%%

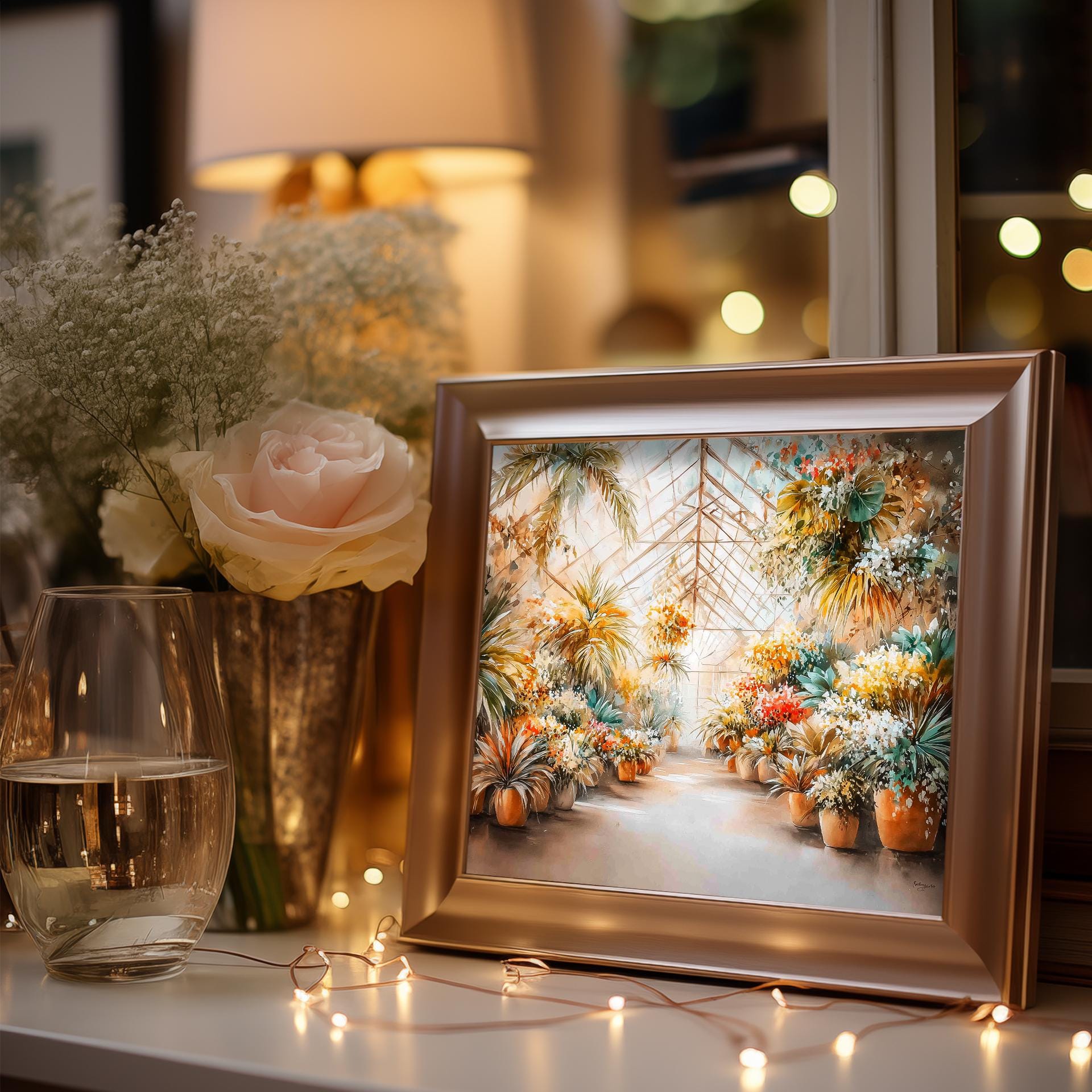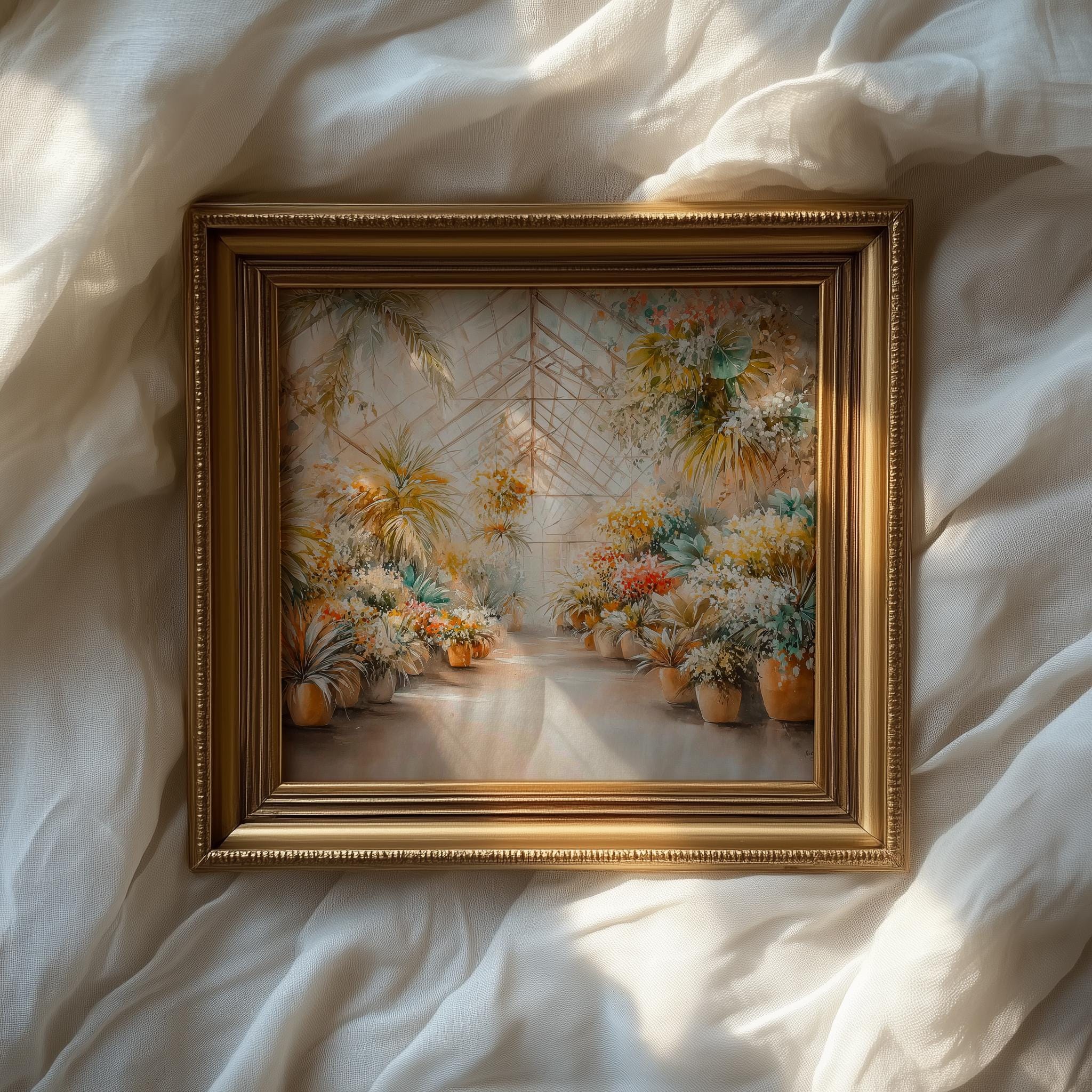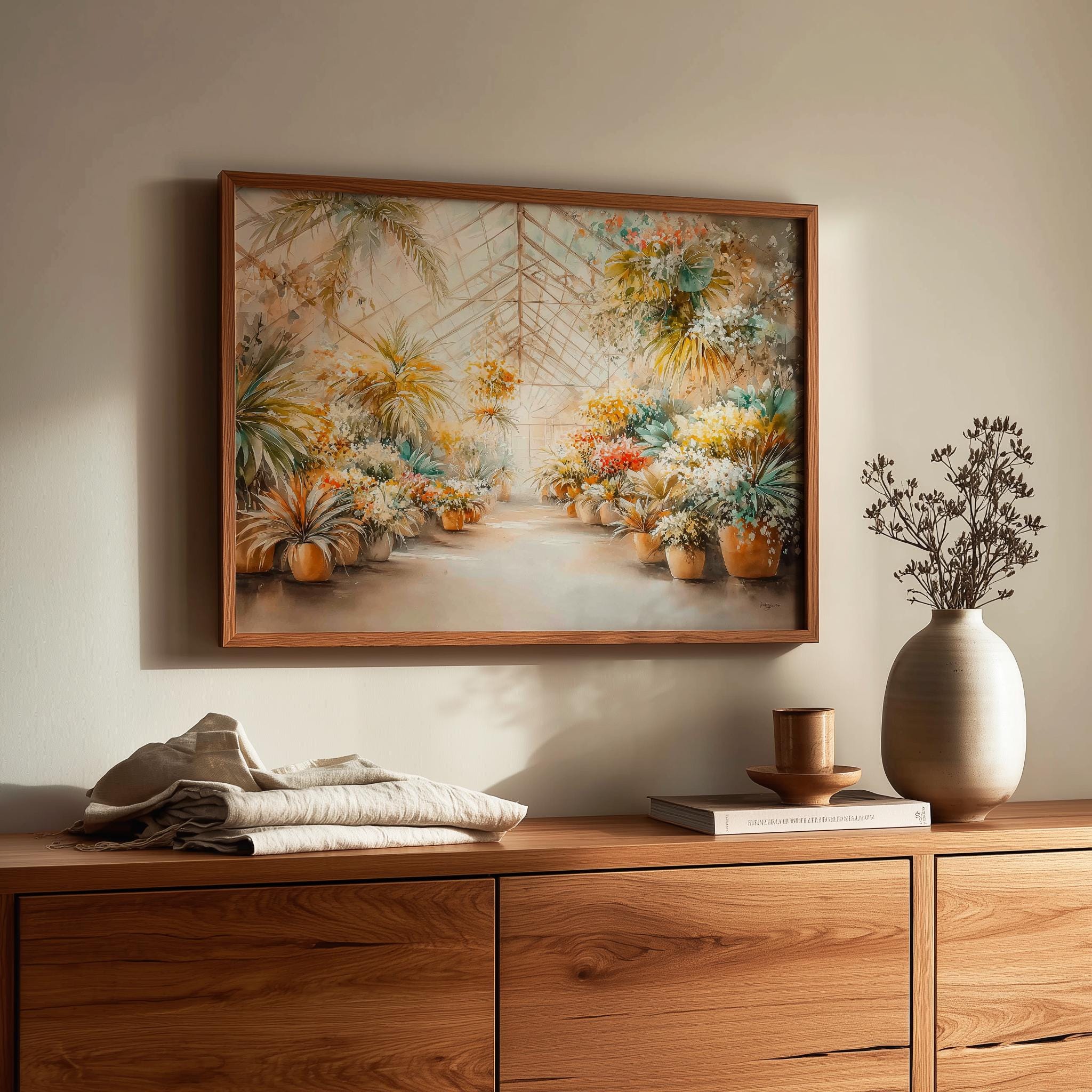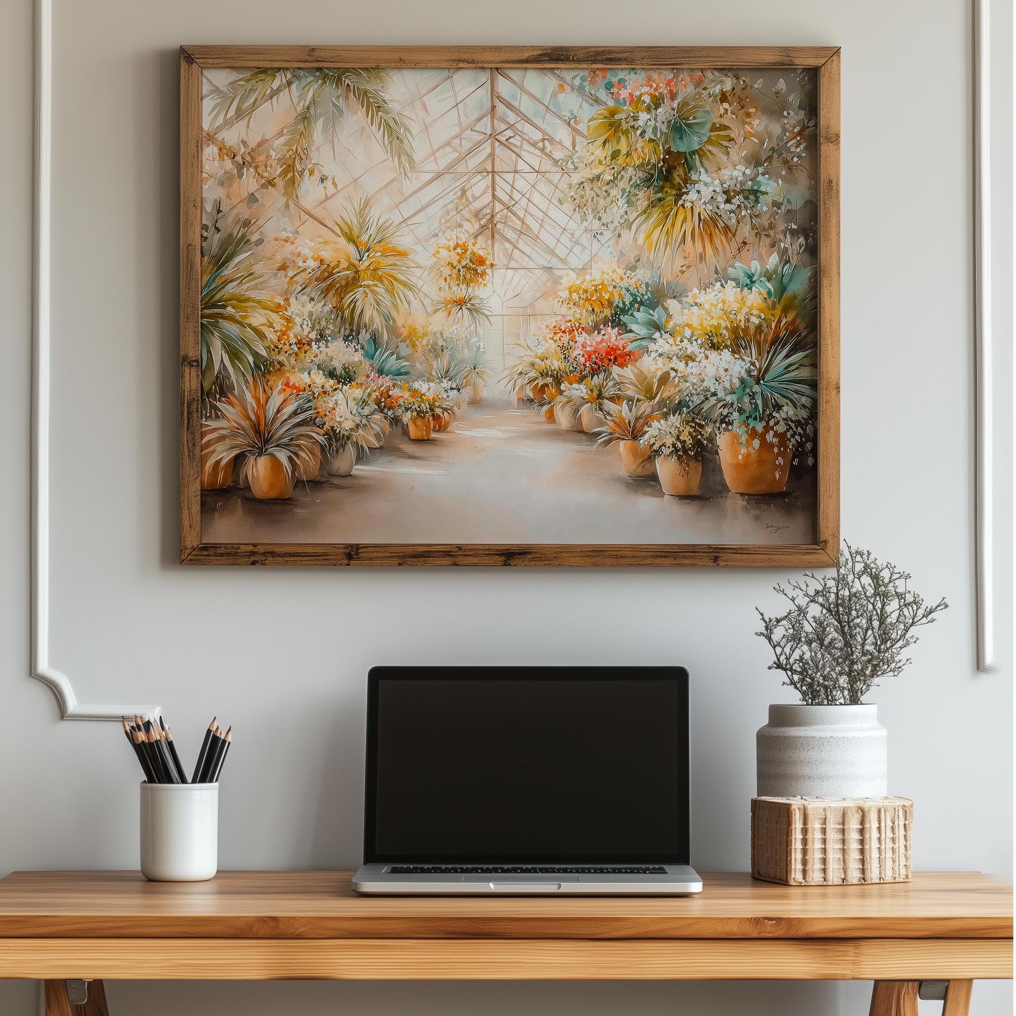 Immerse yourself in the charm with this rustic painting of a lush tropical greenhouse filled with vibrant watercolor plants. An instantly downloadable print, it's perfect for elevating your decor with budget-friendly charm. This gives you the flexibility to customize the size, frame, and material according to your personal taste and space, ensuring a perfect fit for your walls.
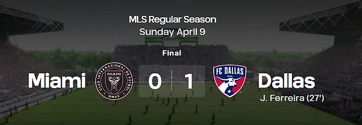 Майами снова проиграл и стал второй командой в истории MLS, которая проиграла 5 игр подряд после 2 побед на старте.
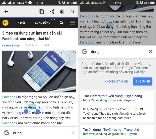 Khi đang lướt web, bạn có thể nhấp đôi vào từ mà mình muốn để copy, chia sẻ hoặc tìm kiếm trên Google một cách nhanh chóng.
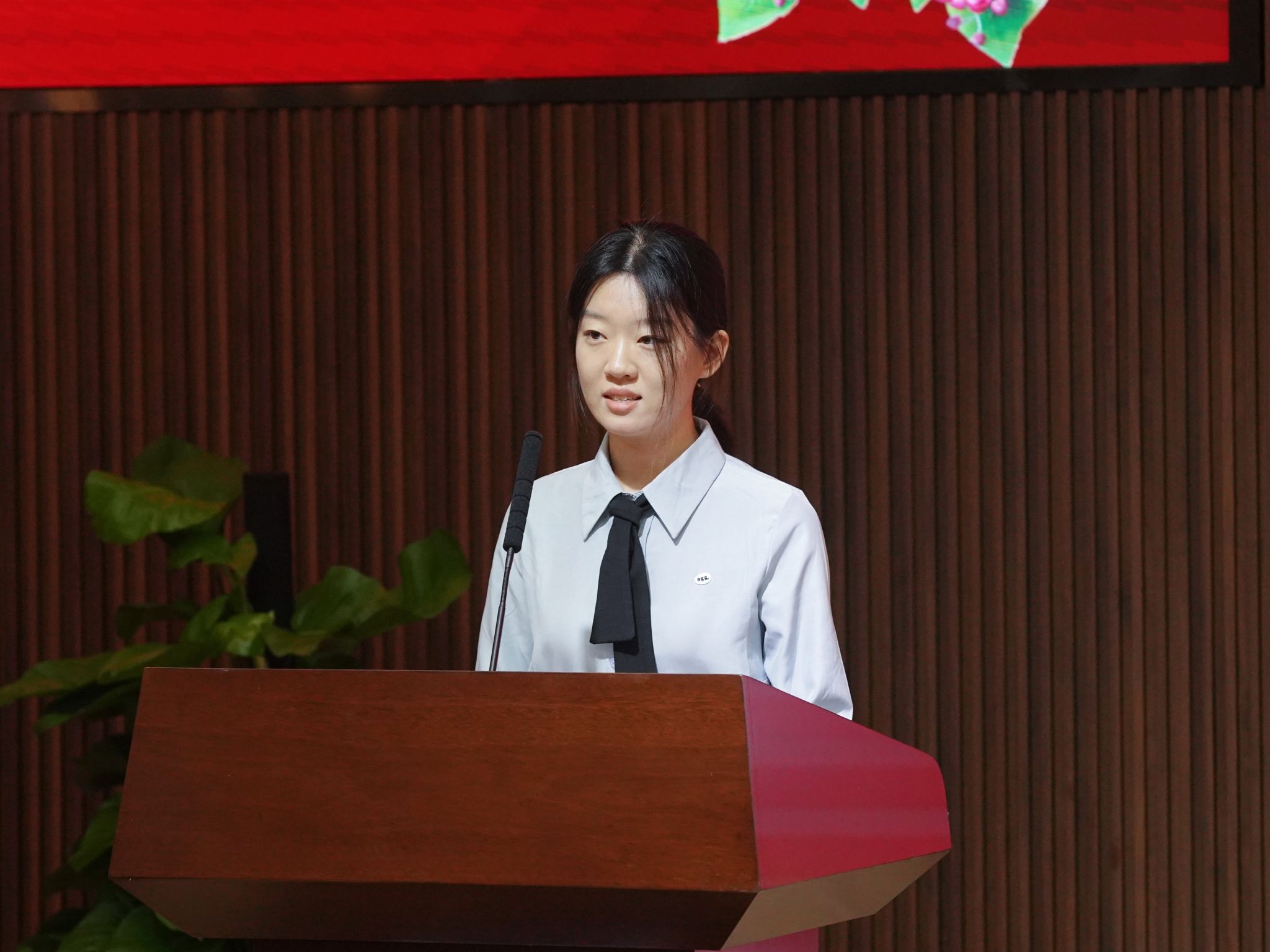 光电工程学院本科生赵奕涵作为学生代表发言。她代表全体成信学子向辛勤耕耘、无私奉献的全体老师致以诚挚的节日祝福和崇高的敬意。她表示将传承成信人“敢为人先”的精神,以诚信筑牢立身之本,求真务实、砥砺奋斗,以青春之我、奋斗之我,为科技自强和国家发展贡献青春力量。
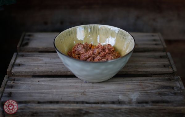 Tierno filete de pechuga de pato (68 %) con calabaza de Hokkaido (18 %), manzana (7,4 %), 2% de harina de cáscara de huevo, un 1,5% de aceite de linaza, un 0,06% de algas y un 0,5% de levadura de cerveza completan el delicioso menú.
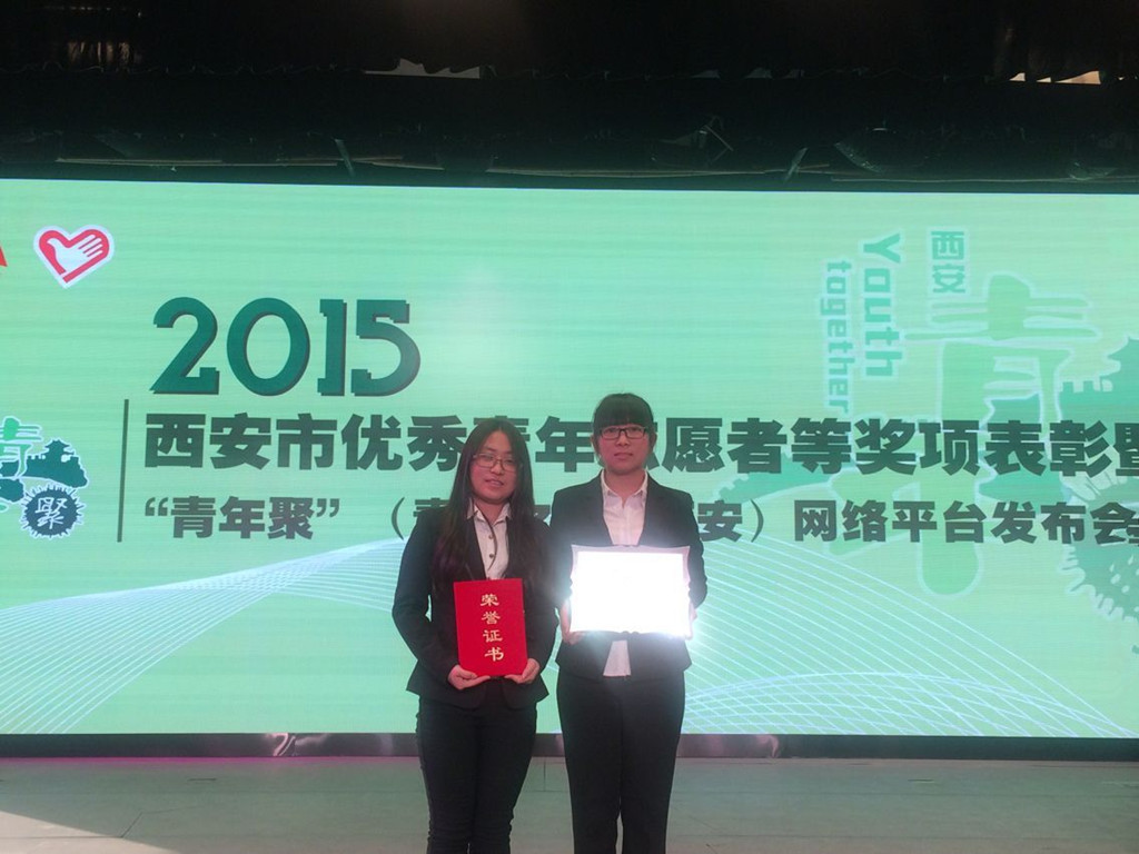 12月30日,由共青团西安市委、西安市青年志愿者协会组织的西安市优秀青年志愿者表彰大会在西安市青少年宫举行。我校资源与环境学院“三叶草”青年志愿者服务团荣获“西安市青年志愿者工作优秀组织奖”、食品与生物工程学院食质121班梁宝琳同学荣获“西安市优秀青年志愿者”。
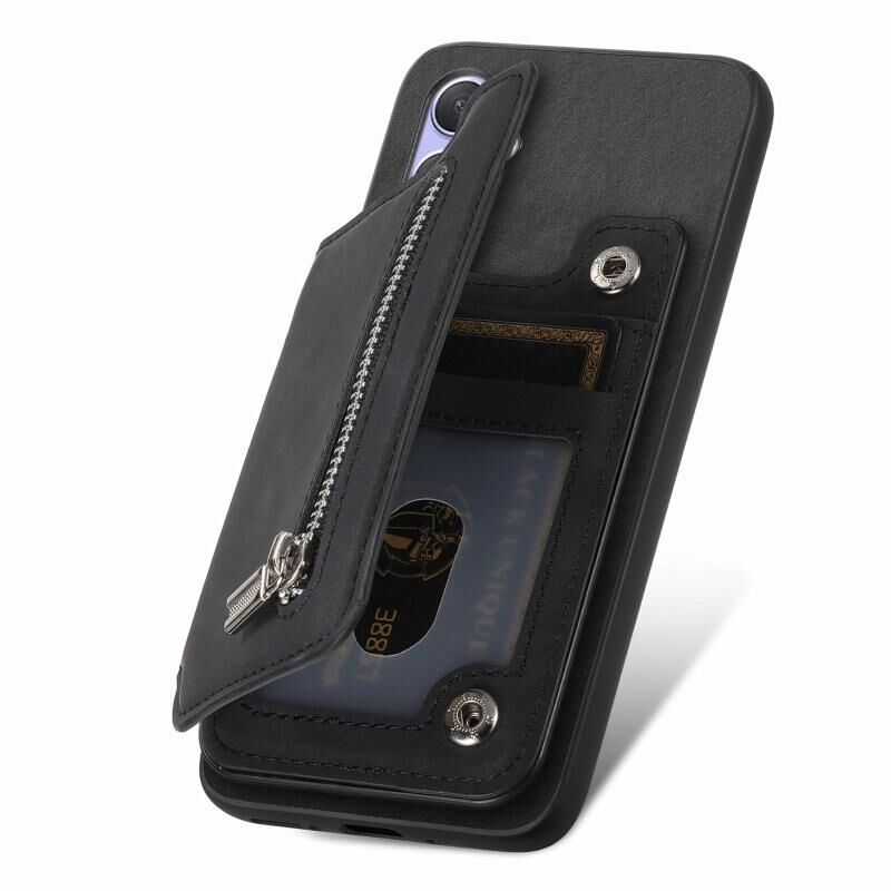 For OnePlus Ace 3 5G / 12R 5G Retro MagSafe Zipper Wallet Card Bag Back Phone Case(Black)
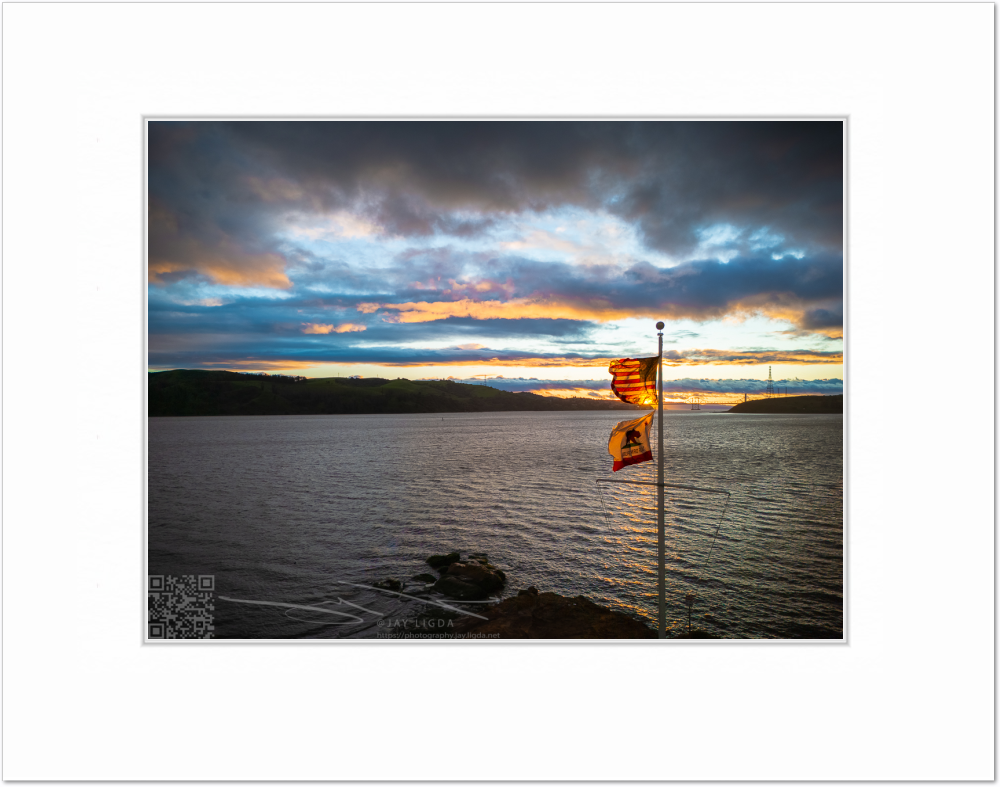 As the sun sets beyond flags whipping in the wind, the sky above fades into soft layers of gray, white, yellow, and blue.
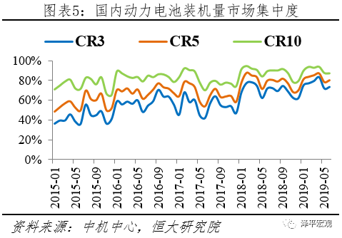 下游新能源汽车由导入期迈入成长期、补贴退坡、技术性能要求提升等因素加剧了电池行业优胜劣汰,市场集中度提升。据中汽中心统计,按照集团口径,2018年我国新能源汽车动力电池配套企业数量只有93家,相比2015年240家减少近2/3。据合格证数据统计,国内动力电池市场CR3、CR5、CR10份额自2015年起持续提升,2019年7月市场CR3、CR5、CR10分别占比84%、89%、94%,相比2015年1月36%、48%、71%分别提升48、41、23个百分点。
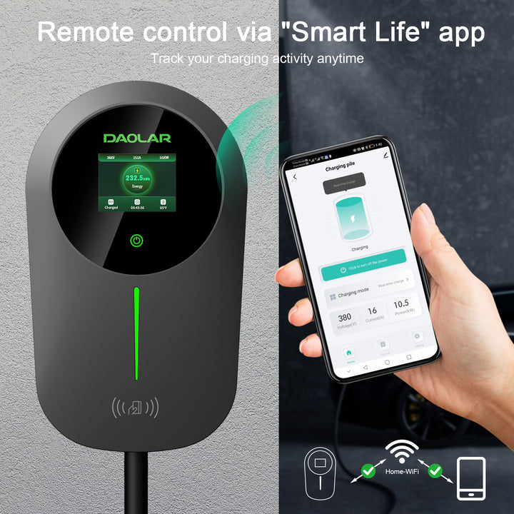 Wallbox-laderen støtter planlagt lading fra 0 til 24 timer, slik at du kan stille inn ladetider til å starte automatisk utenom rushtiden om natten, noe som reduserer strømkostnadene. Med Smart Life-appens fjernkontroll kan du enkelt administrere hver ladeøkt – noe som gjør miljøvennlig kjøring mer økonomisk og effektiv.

%%

◆ **WHAT IS REQUIRED**: The answer must be the lines above, word for word, from the first one through the line with "Майами снова проиграл", pictures excluded.

◆ **ANSWER SPACE**:
 Immerse yourself in the charm with this rustic painting of a lush tropical greenhouse filled with vibrant watercolor plants. An instantly downloadable print, it's perfect for elevating your decor with budget-friendly charm. This gives you the flexibility to customize the size, frame, and material according to your personal taste and space, ensuring a perfect fit for your walls.
 Майами снова проиграл и стал второй командой в истории MLS, которая проиграла 5 игр подряд после 2 побед на старте.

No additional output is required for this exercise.